System Call Table in Linux

System call table is an array of function pointers. It is defined in kernel space as variable sys_call_table and it contains pointers to functions which implement system calls. Index of each function pointer in the array is the system call number for that syscall. These are denoted by NR_* macros in header files, such as /usr/include/asm/unistd_64.h for x86_64.

On x86 systems, when a user mode program makes a system call it puts the system call number in RAX register and calls sysenter assembly instruction. This instruction switches CPU from user mode into kernel mode. It sets instruction pointer RIP to the value stored in SYSENTER_EIP_MSR register and stack pointer RSP to the value stored in SYSENTER_ESP_MSR register. MSR is short for Model Specific Register.  These are registers which are present on specific models of Intel processors, such as 64-bit processors only. The above mentioned MSRs are set up by Linux kernel to contain addresses of system_call() kernel function for RIP and kernel mode stack belonging to the process which started the system call for RSP (yes each process Рor more specifically thread Рhas a kernel mode stack in addition to user mode stack).

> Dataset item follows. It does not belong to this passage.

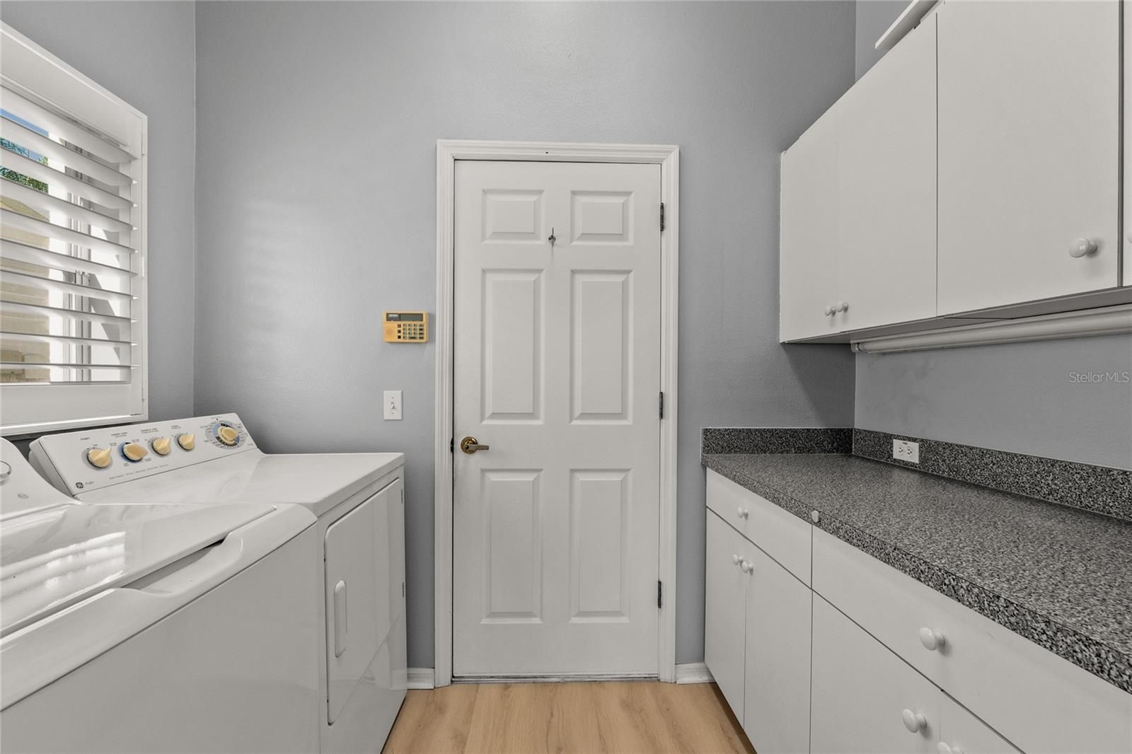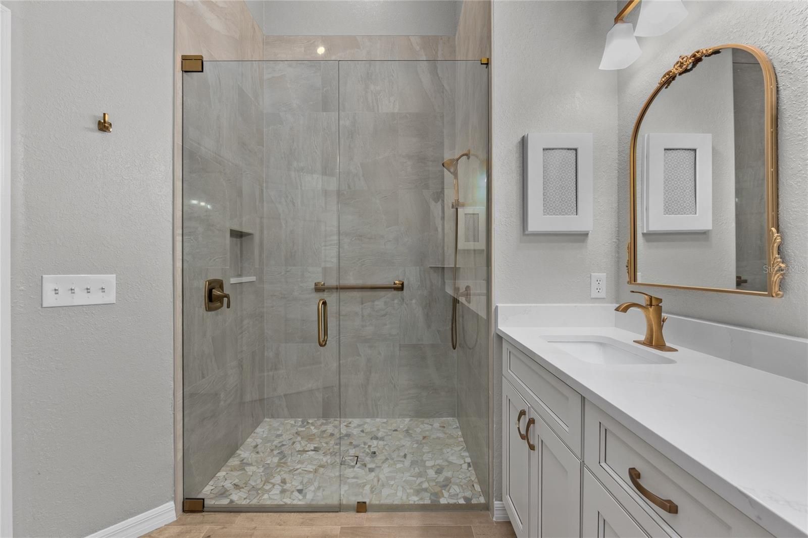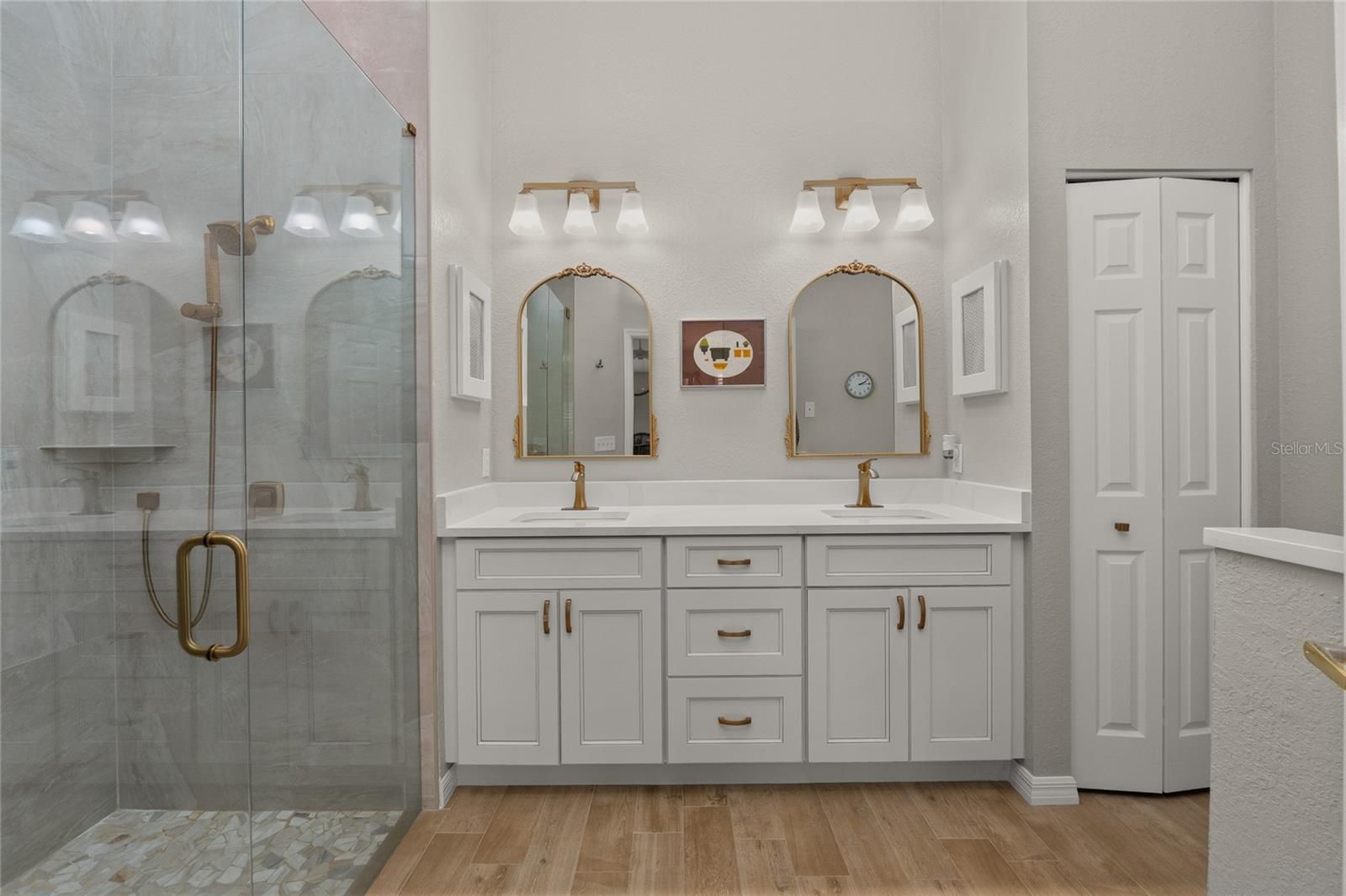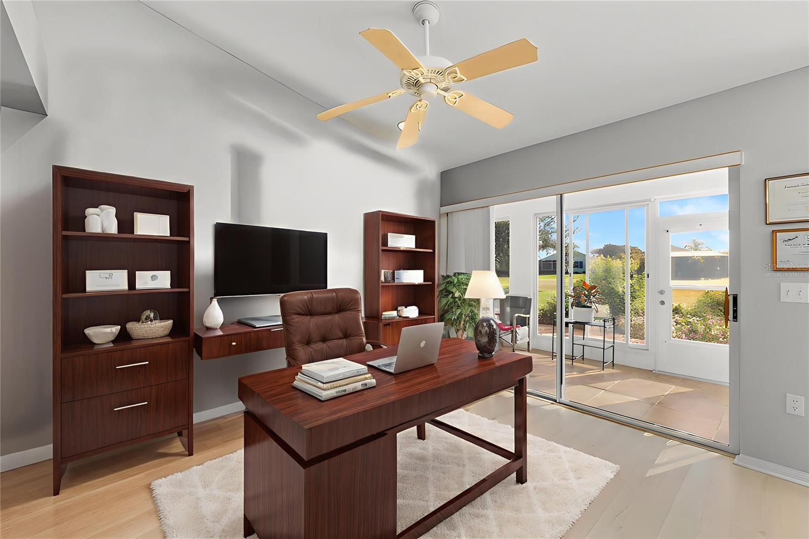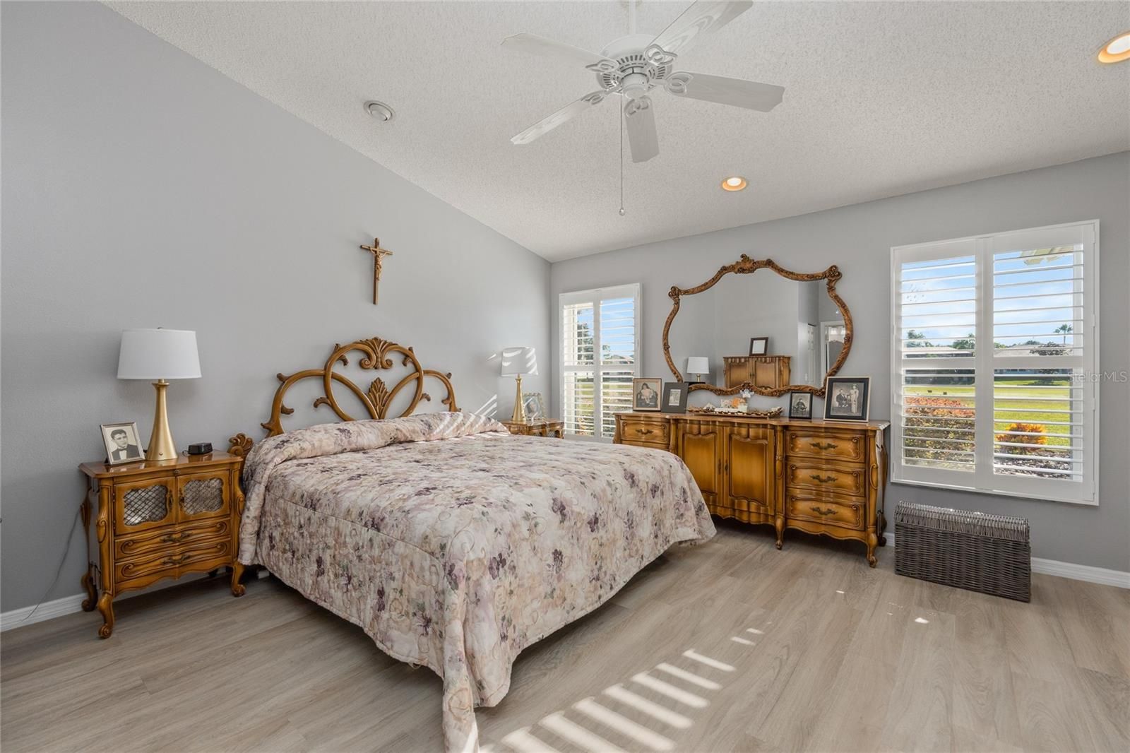 One or more photo(s) has been virtually staged. Everything's already done. You just get to enjoy it. The current owners spent the last few years turning this Heritage Springs villa into their dream home—over $55,000 in upgrades that you'll appreciate from day one. Brand new AC system (June 2025, $11,200). Completely renovated primary bathroom ($24,500) with oversized designer tile, dual vanities, and a walk-in shower that feels like a spa. Custom plantation shutters on every window ($5,000). Gorgeous luxury vinyl plank flooring throughout the main areas ($2,700). No carpet anywhere—just easy, stylish living. This is an end unit, which means more privacy, more natural light, and those soaring cathedral ceilings that make the whole place feel open and airy. Nearly 1,800 square feet, 2 bedrooms, 2 baths, 2-car garage. The kind of space that just works. The inside is designed for how you actually want to live. Open-concept living and dining area—perfect for having friends over without feeling cramped. The bright sunroom looks out onto serene golf course views (the kind of spot where you'll drink your morning coffee and wonder why you didn't move here sooner). The screened lanai is your outdoor room, surrounded by lush tropical landscaping, ideal for reading, relaxing, or just watching the world go by. The kitchen has a newer range (2023) and a really nice refrigerator ($2,250). The laundry room has a 2023 washer and plenty of storage. The roof was replaced in 2021. Even the garage got the treatment—upgraded flooring ($3,000), new garage door (December 2023), and the exterior has seamless gutters ($2,100). Your HOA fee is $508/month, and it actually covers everything. Cable, internet, all exterior and grounds maintenance, pool maintenance, common area taxes, recreational facilities, road upkeep, professional management. True maintenance-free living. You literally just lock the door and go—whether that's for the weekend or the winter. Heritage Springs is the kind of community everyone talks about. The 20,000 square foot clubhouse has a professional concierge, card rooms, billiards, arts and crafts studio, library, and a 250-seat performing arts center. There's a full-service restaurant and bar, so you can have dinner out without leaving the community. The heated pool overlooks a scenic lake. If you golf, the championship 18-hole course is available year-round for just $3,300 annually. Fitness center, tennis courts, bocce ball, shuffleboard—it's all here. You're in Trinity, which means you're close to everything but it still feels peaceful. Premium shopping and dining nearby. Parks, healthcare, Gulf Coast beaches. Tampa International Airport is less than 30 minutes away. Someone else spent $55,000 upgrading this villa. You get to walk in and just start living. New AC means no surprise expenses. Renovated bathroom means you're not dealing with that project. Custom shutters, beautiful floors, end-unit location, golf course views—it's all done. **This is the lifestyle you've earned. Come see it.**

system_call() function is like a multiplexer for syscalls. It saves hardware context on stack, performs some checks, e.g. whether the process is being syscall-traced in which case it needs to notify the tracer, and if all checks pass, ultimately jump into function pointed to by the pointer at syscall number index inside system call table. Return from syscall happens with sysexit assembly instruction. Upon return, the hardware context is restored and execution continues in user-space code which usually is a libc wrapper routine.

Linux Kernel Symbols

Kernel symbols are names of functions and variables. Global symbols are those
which are available outside the file they are declared in. Global symbols
in the Linux kernel currently running on a system are available through
`/proc/kallsyms` file. This includes symbols defined inside kernel modules
currently loaded.

Global symbols are of two types:

  1. those explicitly exported through EXPORT_SYMBOL_GPL and EXPORT_SYMBOL
    macros, and
  2. those which are not declared with `static` C keyword and hence visible to
    code which is statically linked with the kernel itself and may be available
    outside the kernel image.

The first type, explicitly exported ones, are denoted with capital letter in
output of `cat /proc/kallsyms` – e.g. T if the symbol is in text section, i.e.
a function name. The second type are denoted with small letter – e.g. t for a
function which isn’t exported via EXPORT_SYMBOL_GPL or EXPORT_SYMBOL.

Inside kernel code, we can access symbols which are exported explicity by
simply using them like other variables, e.g. by calling printk() function.

For global symbols which aren’t explicitly exported, but are still available,
we can attempt to access them by calling kallsyms_lookup_name() function,
defined in kernel/kallsyms.c:

unsigned long kallsyms_lookup_name(const char *name);

This takes symbol name as argument and returns its address in memory, i.e. a
pointer to it. The calling code can dereference the pointer to make use of that
symbol. If the symbol isn’t found, the function returns NULL.